We've even seen triple-dupes.
"Give orange me give eat orange me eat orange give me eat orange give me you." -Nim Chimpsky
Reading the article makes it seem like all computers will disappear. I find it so hard to believe that the new cell processors will be that advanced. I can believe they are good for specialized uses but not as a general computer.
-- To mess up an OS X box, you need to work at it; to mess up your Windows box, you just need to work on it.--
"Timothy do you actually read Slashdot?"
Here's a better question. If he will not, why should we?
The original PS2 design was for a dataflow architecture - the Cell is a continuation (and significant evolution) of the theme. Interestingly enough, if this *does* take off it may be that the best programmers of tomorrow turn out to be the PS2 low-level guys, who've already written the algorithms that are about to be important.
In the PS2, the MIPS chip was there mainly to do the simple stuff, all the heavy lifting was done on the 2 vector processors, and they were designed to have programs uploaded into them and data streamed through them using a very flexible (chainable) DMA engine. Sounds similar (if in a limited sense) to the Cell chip itself.
Simon.
Physicists get Hadrons!
The last time I read about a revolutionary chip that would forever change the world and the company was so great they even had the Linux creator as a board member it turned out to be not much more than a loud fart in the wind. (Enter Transmeta)
This is a distributed-processing-capable chip. They're moving software into the chip, doing what software can do in a more compact and probably more efficient way. There's nothing revolutionary here and besides being a dupe story it's way overrated. The only attractive here is the fact PS3 will use it instead of embedding something open, like Mosix.
And no it won't "eventually take over the PC market."
Broken Hearts are for Assholes. - Frank Zappa
its very rare for a system to be able to be completely parallelised.
There will always be "critical sections", data which can only be used by 1 thread at a time, which limits how much it can be split up.. Then you have programs which cant be.. I mean, you can split up a game for instance into a sound, video, and keyboard threads easily. To really utilise parallel processing takes a massive amount of code, which with current languages, seems to make it a bit implausible to get a massive increase.
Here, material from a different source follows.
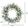 - Adorned with an assortment of snow-dusted greenery, berries, pinecones, and jingle bells for a rich and welcoming holiday display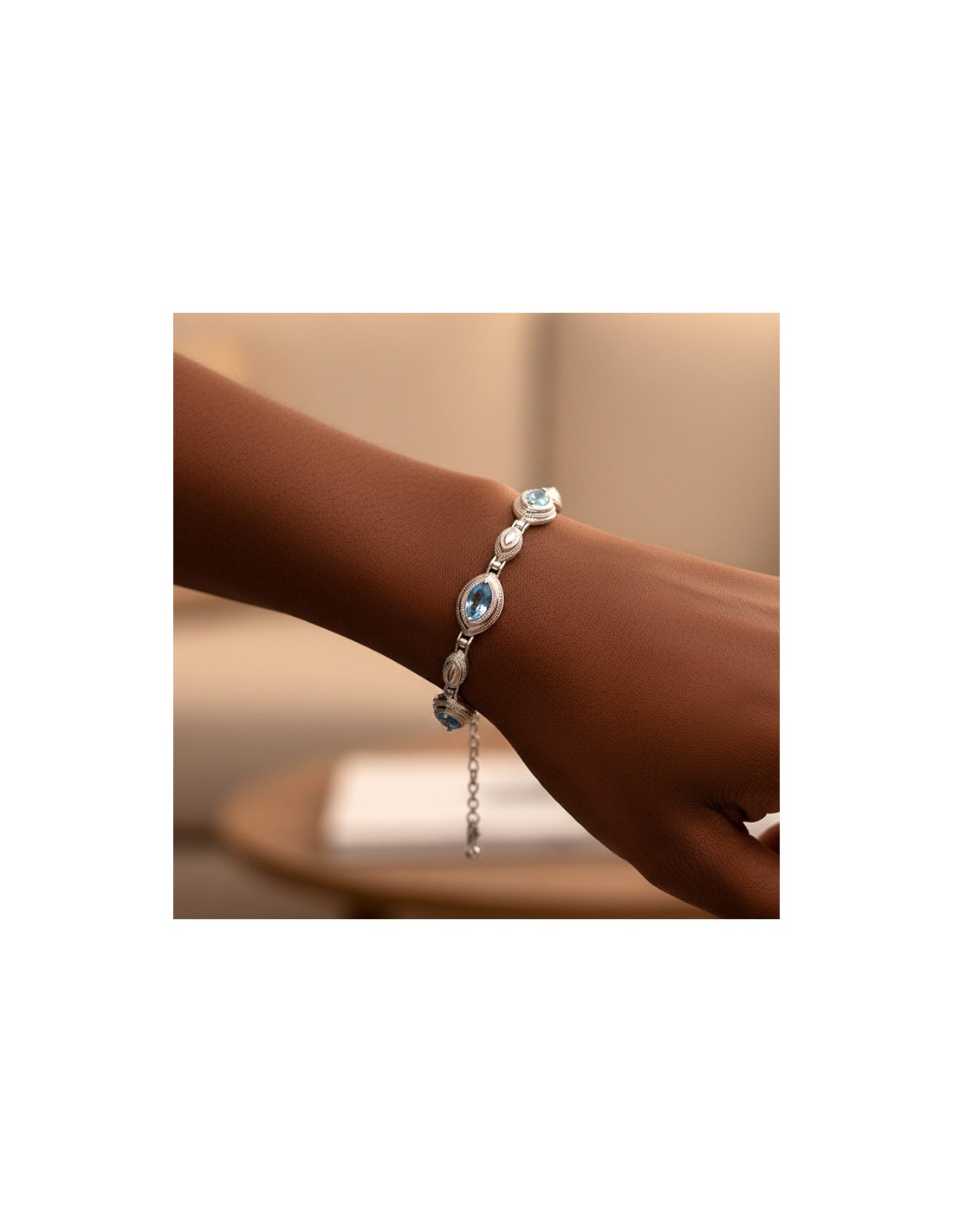 Bracelet with Swarovski crystals in blue (Aquamarine), navy blue (Montana), salmon (Rose Peach) or pink (Fuchsia). Like all items in our shop, it is made of 925 silver. Rhodium-plated product - this protects the silver from darkening and the bracelet will retain its appearance for years. The silver, delicate setting of the crystals draws attention, which extremely emphasizes and brings out their beauty. The jewelry will certainly catch the eye and will not go unnoticed. It will adorn the hand of every owner without exception. It is possible to buy earrings on a "long" or "short" clasp, a pendant and a ring to the set.

It should also be remembered that the G5's and G4's already have altivec, and even though this is on a much grander scale, there will always be bottlenecks that slow it down preventing 99% of commonly used apps from getting a significantly large increase..
Okay, who was down for Timothy on Saturday night for the /. Dupe Pool?
Do not anger the worm.
A measly 68k CPU with hardware that was autonomous.
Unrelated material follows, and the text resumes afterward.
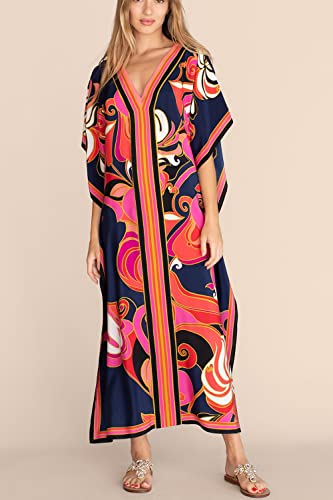 LeofL Abito casual da donna lungo maxi camicia da notte caftano tunica taglia libera, Colore 9, Taglia unica

A measly MIPS with hardware that is autonomous.
The only thing they need is to sync to the TV set.
The message on the other side of this sig is false.
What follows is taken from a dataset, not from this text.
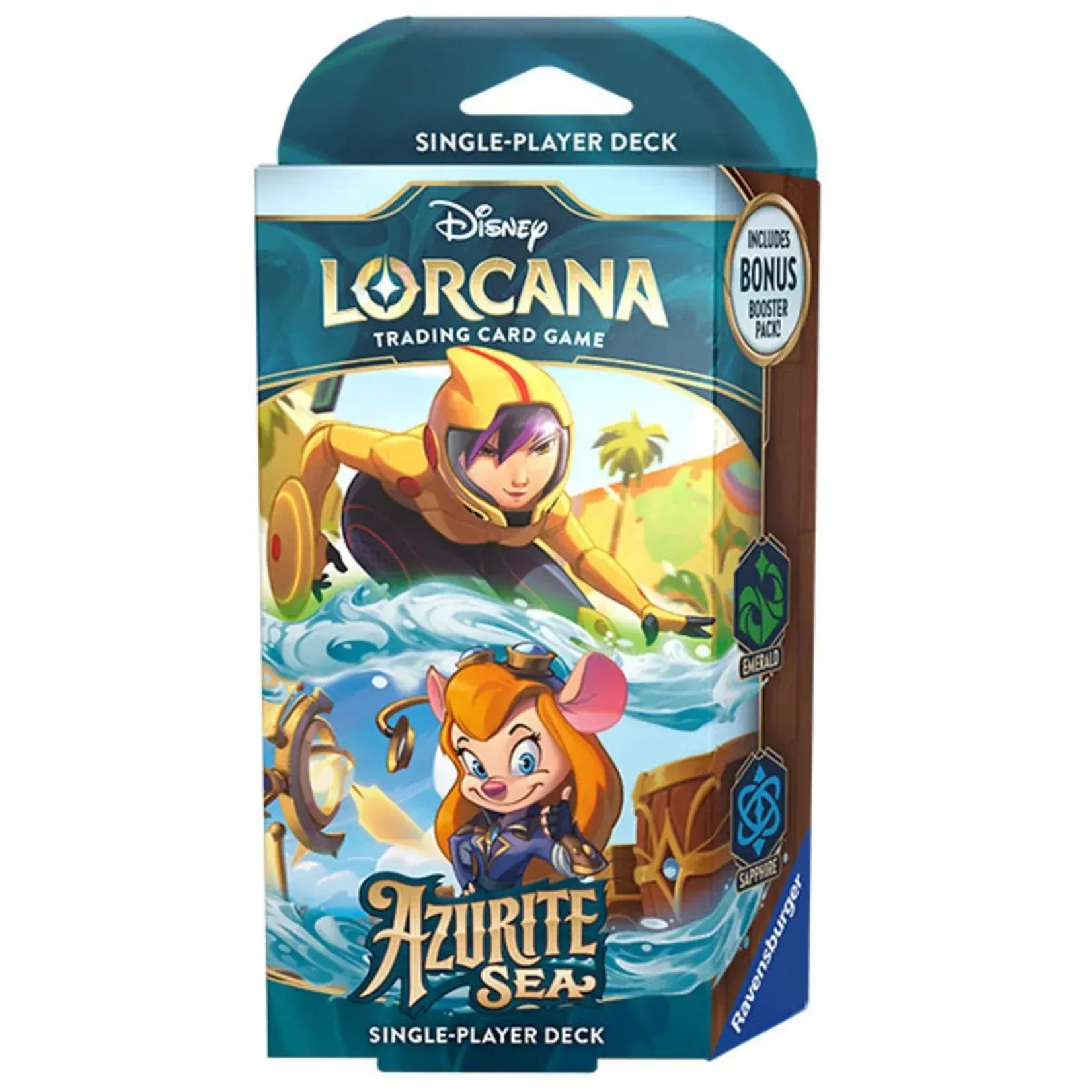 Set your sights on the horizon! Following an ancient map, you'll sail the beautiful yet unpredictable Azurite Sea. Joining you on board, and among this Disney Lorcana set’s 200+ cards, are friends from Big Hero 6 and Chip 'n' Dale: Rescue Rangers! Whether you face kakamora pirates or the whirlpool of a new mystery, your shipmates are ready to head bow-first into adventure. No need to rig the sails or swab the deck . . . jump right into the adventure with these ready-to-play Azurite Sea starter decks. Each contains a prebuilt deck of 60 cards, including two beautiful foil cards. The additional booster pack ensures you have a few extra hands on deck to face any peril.

Well, I think we all recognized that article was a little over enthusiastic but it does suggest some interesting possibilities.
First of all I want to say I think it is completly possible to make a processor with 8APUs and so forth. For starters PowerPC chips already have several seperate execution units on them, and I think they use fewer transitors than intel chips. Moreover, a huge chunk of the transitor budget goes to doing things like cache consistancy or complicated instruction prediction which is probably not used on the much simpler APUs.
Of course it seems like this is primarily of interest to game systems or signal processing applications (note that a 4 threaded 32 stream processors is just another way of saying 4 cell procesors, each has a PPC core with 8 APUs). However, I would not be so quick to dismiss this for the PC market. While it may be true that many individual applications may not easily multi-thread it seems we are approaching a point where the biggest complaint is not the maximum processing rate in one application but the ability to run multiple applications at once. On my computers I'm rarely if ever frustrated at the rate some program is running at, but slowdown in other programs when I run a processor intensive job or turn on a video. So while drawing a webpage may not be speed up by this processor drawing several webpages at the same time will be and that is the sort of thing which makes a big difference for the end user.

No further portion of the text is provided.